Professor Dame Sarah Gilbert
Professor of Vaccinology at the University of Oxford

For over fifteen years, Professor Gilbert has been making and testing vaccines. Professor Gilbert joined the Nuffield Department of Medicine at Oxford University in 1994 and became part of the Jenner Institute (within NDM) when it was founded in 2005. Her chief research interest is the development of viral vectored vaccines that work by inducing strong and protective T and B cell responses. She leads the Jenner Institute programme in influenza vaccine development and works on vaccines for many emerging pathogens, including Nipah virus, MERS, Lassa virus and CCHF virus.

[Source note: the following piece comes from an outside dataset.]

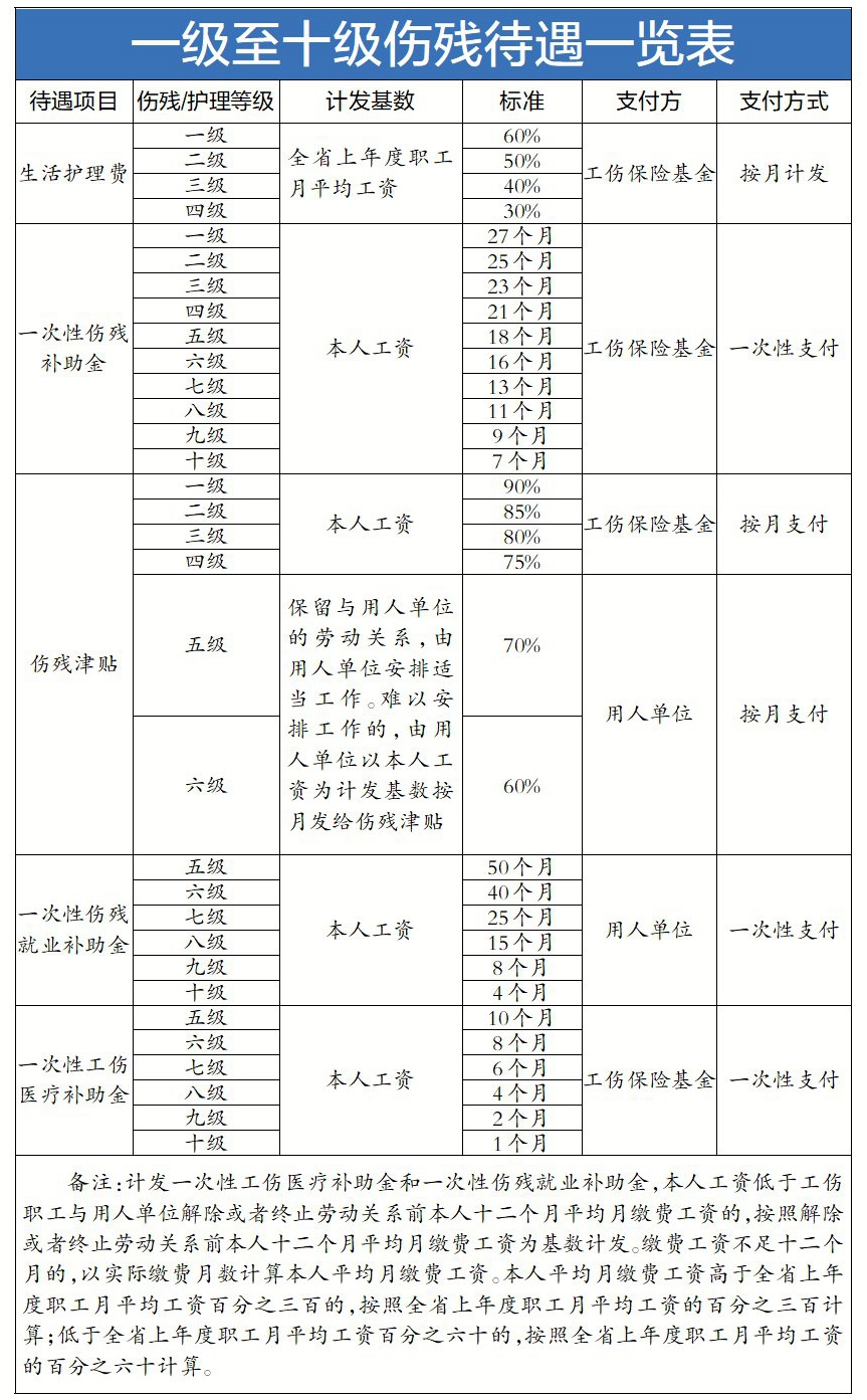 工傷傷殘職工除可享受工傷醫(yī)療費、住院伙食補助費報銷等工傷醫(yī)療待遇外,還可以按規(guī)定享受傷殘津貼、生活護理費、一次性傷殘補助金、一次性工傷醫(yī)療補助金、一次性傷殘就業(yè)補助金等傷殘待遇(具體見《一級至十級傷殘待遇一覽表》)。

Professor Gilbert is currently the Oxford Project Leader for ChAdOx1 nCoV-19, a vaccine against the novel coronavirus SARS-CoV-2. This vaccine, tested by the University of Oxford in clinical trials of over 23,000 people in the UK, Brazil and South Africa, is now in use in many countries worldwide in the fight against the Covid-19 Pandemic.

A woman wearing glasses
Dr Zahra Rattray

Dr Zahra Rattray
Senior Lecturer in Translational Pharmaceutics at the University of Strathclyde

As a Pharmacist and Pharmaceutical Scientist with experience of working across the community, hospital, pharmaceutical industry and academic sectors, Zahra has been practising for over thirteen years. In this time she has contributed to the AstraZeneca drug development pipeline as a scientist, and later the pre-clinical development of the Patrys Ltd PAT-DX1 portfolio during her postdoctoral position at the Yale School of Medicine Cancer Center.

Dr Rattray joined the Strathclyde Institute of Pharmacy and Biomedical Sciences at the University of Strathclyde in Fall 2018, where she is currently director for the EPSRC Multiscale Metrology Suite for Next-generation Health Nanotechnologies. Her primary research interests lie in the development of novel biomacromolecular and nanomedicine drug delivery systems for targeting breast, colon and brain cancers using an inter- disciplinary and sector approach.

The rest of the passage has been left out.